An exact transcription of all the records below is required, without any images.

(Stored dataset items)

◆ ◆ ◆ ◆ ◆ ◆ ◆

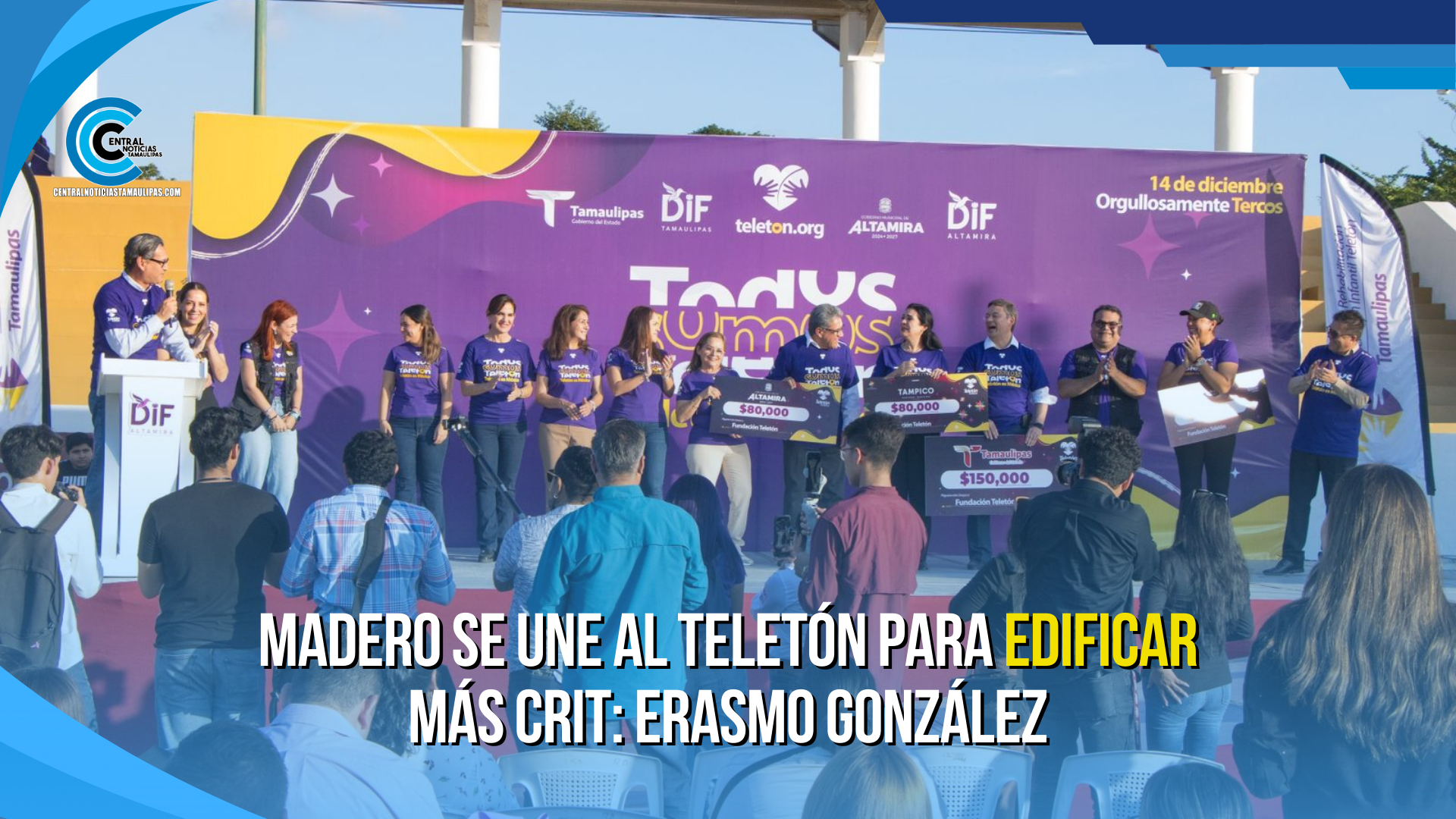 Con este mensaje del presidente municipal Erasmo González Robledo, junto a su esposa Dunia Marón Acuña, se unió al Teletón nacional y realizó una donación de 80 mil pesos, donde asistió en representación del Gobernador del Estado Dr. Américo Villarreal Anaya, el gerente de COMAPA SUR Mtro. Francisco José González Casanova que hizo una aportación del Gobierno del Estado por 150 mil pesos; además se llevó a cabo de manera simultánea con aportaciones similares de los Ayuntamientos de Tampico, representados por la alcaldesa Mónica Villarreal Anaya, y de Altamira, a cargo de Armando Martínez Manríquez.
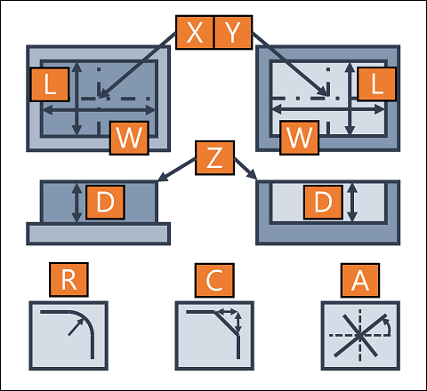 The entry point is defined by the geometry and the removal width. The first cutting would make the tool center moving along the edges of removal width. There is no limit for the removal width when SideMode is OutsideIn. Otherwise, the removal width must less than the distance from center to the geometric boundary when SideMode is InsideOut. |
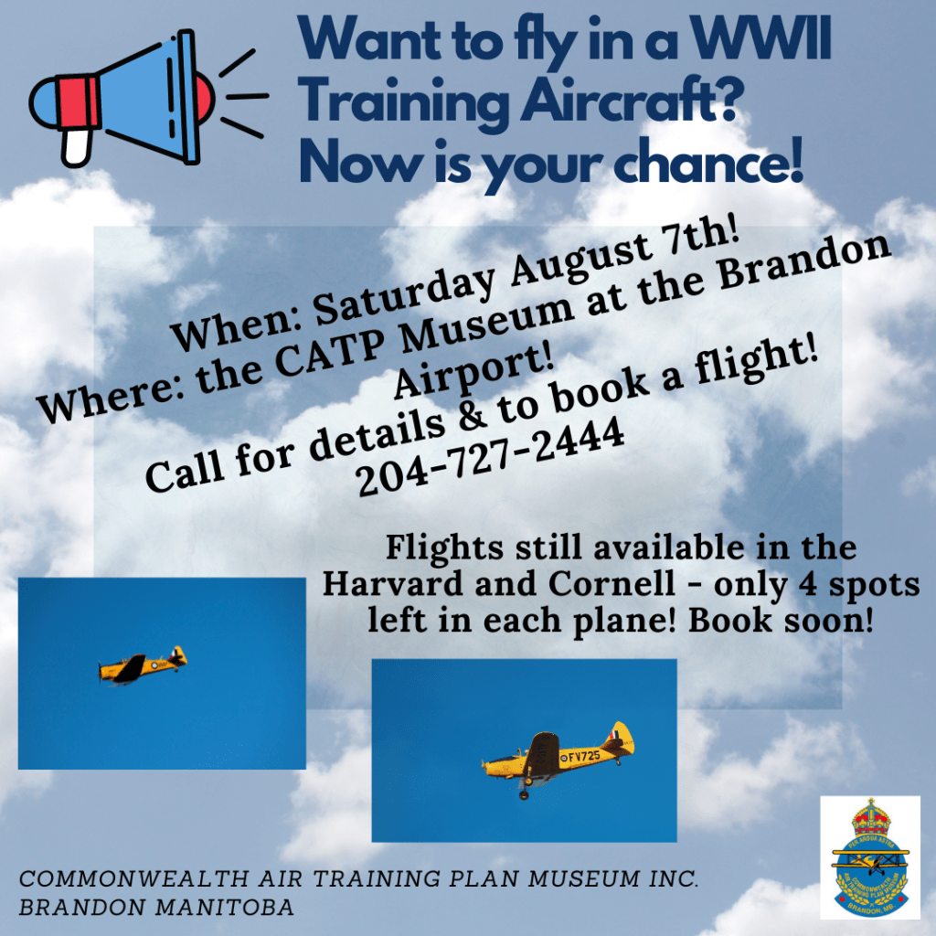This coming Saturday, August 7, we are giving rides in our vintage aircraft. We have 4 or 5 spots left in each of the Harvard and Cornell – sorry but the Tiger Moth is fully booked for this time. Call the museum for details and to book a flight!
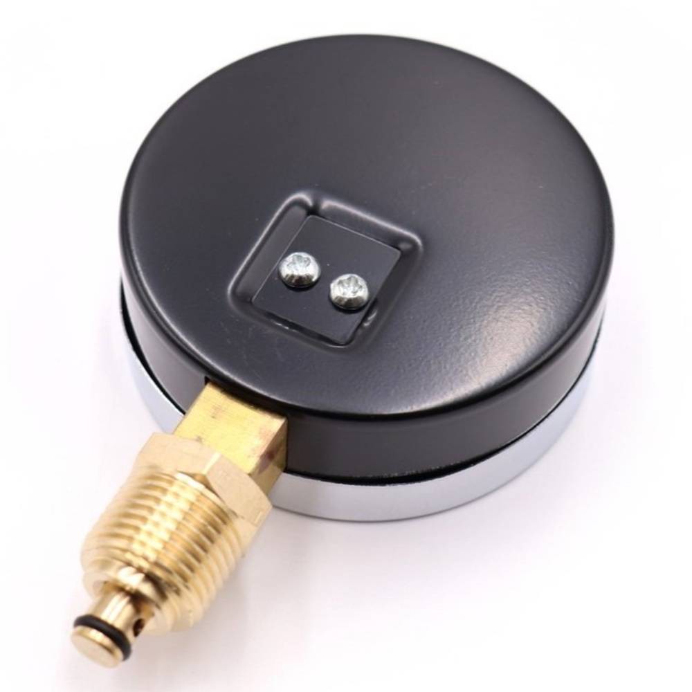 Термоманометр имеет вертикальное соединение из латуни с резьбой 1/2″. Корпус изготовлен из металла устойчивого к коррозии и окрашен высококачественной эмалью черного цвета для дополнительной защиты от коррозии.
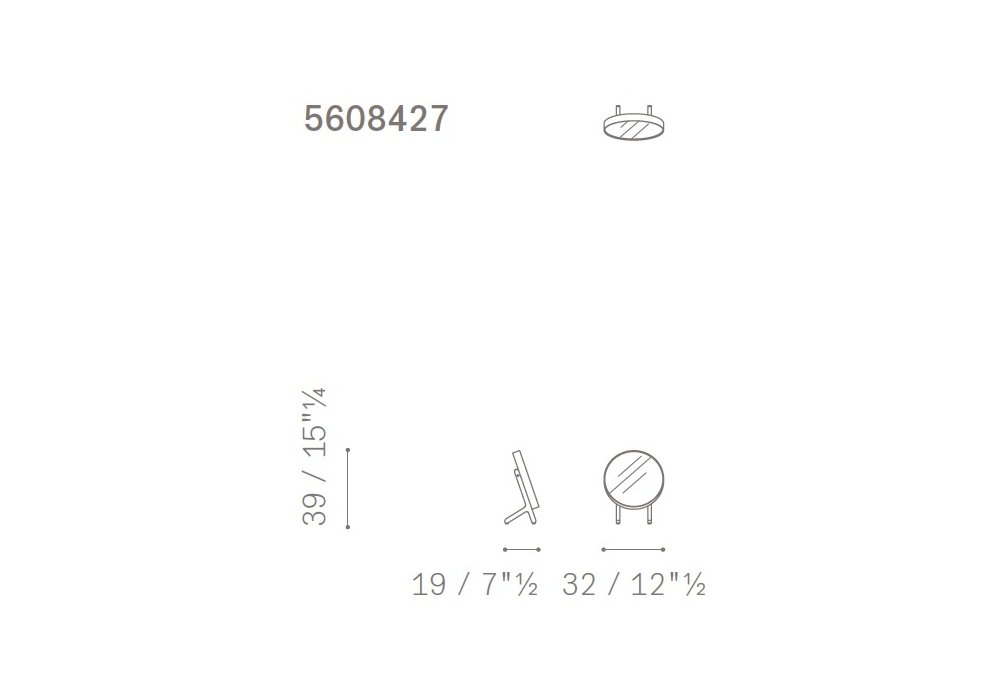 Ren firmato da Neri & Hu per Poltrona Frau è uno specchio da tavolo con cornice in ottone rivestita in cuoio Saddle Extra Carbone e retro in noce Canaletto.
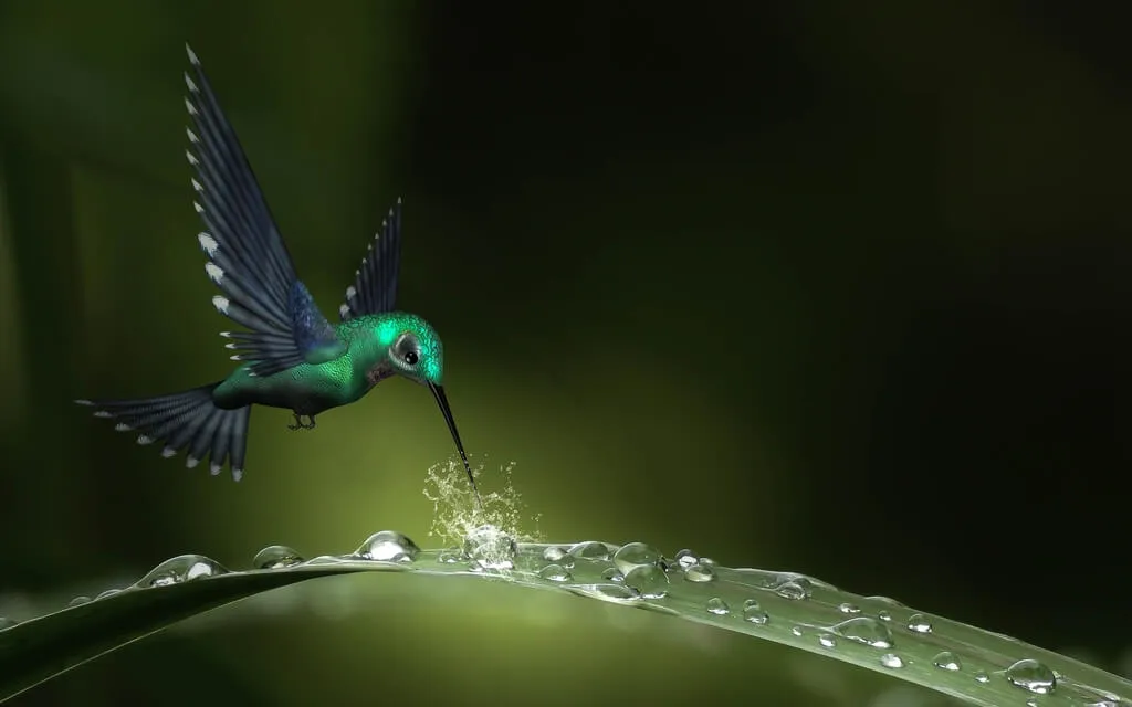 Un piccolissimo colibri si tuffò nelle acque del fiume e dopo aver preso nel becco una goccia d'acqua,
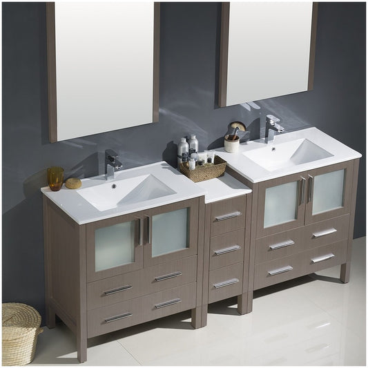 72 Gray Oak Double Sink Bathroom Vanity w/ Side Cabinet & Integrated Sinks
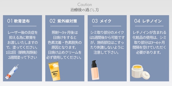 シミ取りレーザーは紫外線対策が必要不可欠のため、夏前の施術を推奨しております。
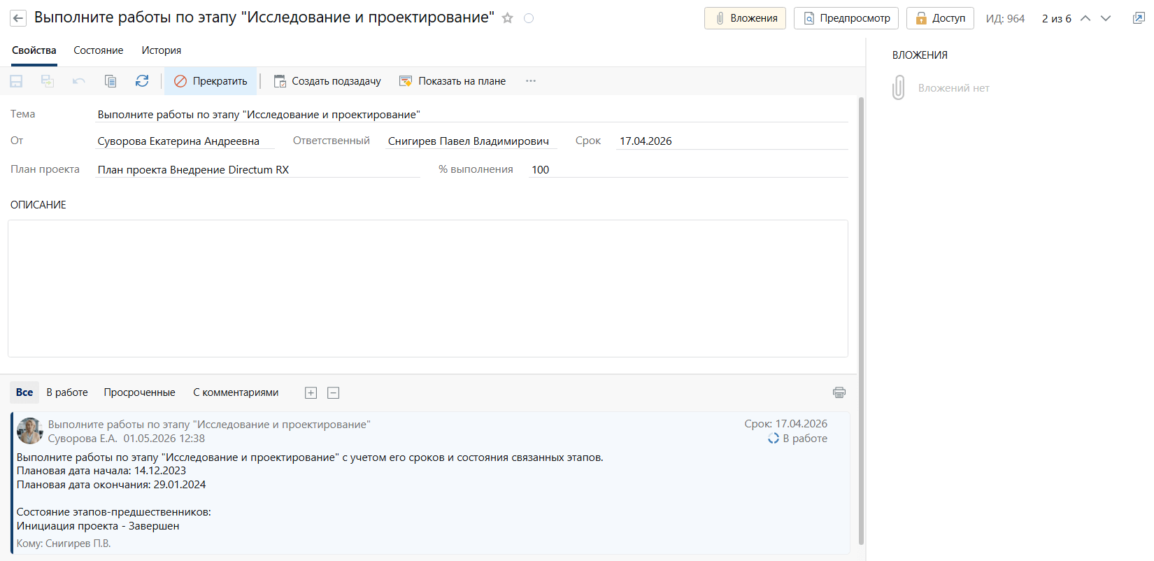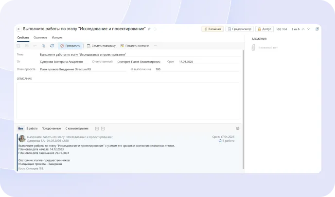 Отслеживайте выполнение работ по проекту. Задачи отправляются исполнителю автоматически из плана проекта. Ответственный может отчитаться о выполнении этапа прямо в задаче, приложив документы и заполнив факт работ. Завершенная задача придёт на контроль руководителю проекта, а результаты выполнения отобразятся на диаграмме Ганта.
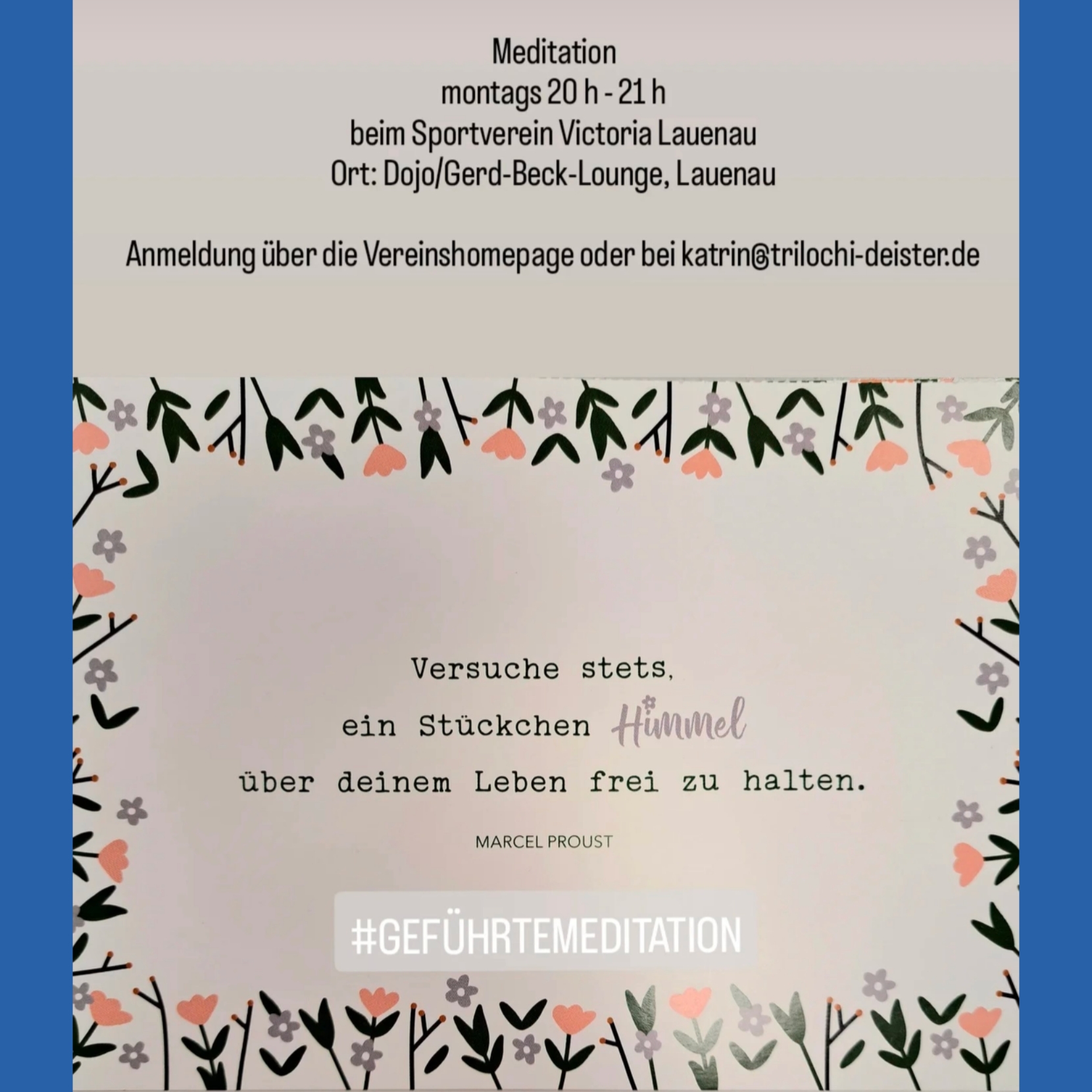 NEU: Geführte Meditation mit Katrin Dittrich, ab sofort immer Montags von 20-21 Uhr im Victoria DoJo, komm vorbei und probiere es aus:

◆ ◆ ◆ ◆ ◆ ◆ ◆

◆ **Solution for this exercise**:
 Con este mensaje del presidente municipal Erasmo González Robledo, junto a su esposa Dunia Marón Acuña, se unió al Teletón nacional y realizó una donación de 80 mil pesos, donde asistió en representación del Gobernador del Estado Dr. Américo Villarreal Anaya, el gerente de COMAPA SUR Mtro. Francisco José González Casanova que hizo una aportación del Gobierno del Estado por 150 mil pesos; además se llevó a cabo de manera simultánea con aportaciones similares de los Ayuntamientos de Tampico, representados por la alcaldesa Mónica Villarreal Anaya, y de Altamira, a cargo de Armando Martínez Manríquez.
 The entry point is defined by the geometry and the removal width. The first cutting would make the tool center moving along the edges of removal width. There is no limit for the removal width when SideMode is OutsideIn. Otherwise, the removal width must less than the distance from center to the geometric boundary when SideMode is InsideOut. |
This coming Saturday, August 7, we are giving rides in our vintage aircraft. We have 4 or 5 spots left in each of the Harvard and Cornell – sorry but the Tiger Moth is fully booked for this time. Call the museum for details and to book a flight!
 Термоманометр имеет вертикальное соединение из латуни с резьбой 1/2″. Корпус изготовлен из металла устойчивого к коррозии и окрашен высококачественной эмалью черного цвета для дополнительной защиты от коррозии.
 Ren firmato da Neri & Hu per Poltrona Frau è uno specchio da tavolo con cornice in ottone rivestita in cuoio Saddle Extra Carbone e retro in noce Canaletto.
 Un piccolissimo colibri si tuffò nelle acque del fiume e dopo aver preso nel becco una goccia d'acqua,
 72 Gray Oak Double Sink Bathroom Vanity w/ Side Cabinet & Integrated Sinks
 シミ取りレーザーは紫外線対策が必要不可欠のため、夏前の施術を推奨しております。
 Отслеживайте выполнение работ по проекту. Задачи отправляются исполнителю автоматически из плана проекта. Ответственный может отчитаться о выполнении этапа прямо в задаче, приложив документы и заполнив факт работ. Завершенная задача придёт на контроль руководителю проекта, а результаты выполнения отобразятся на диаграмме Ганта.
 NEU: Geführte Meditation mit Katrin Dittrich, ab sofort immer Montags von 20-21 Uhr im Victoria DoJo, komm vorbei und probiere es aus:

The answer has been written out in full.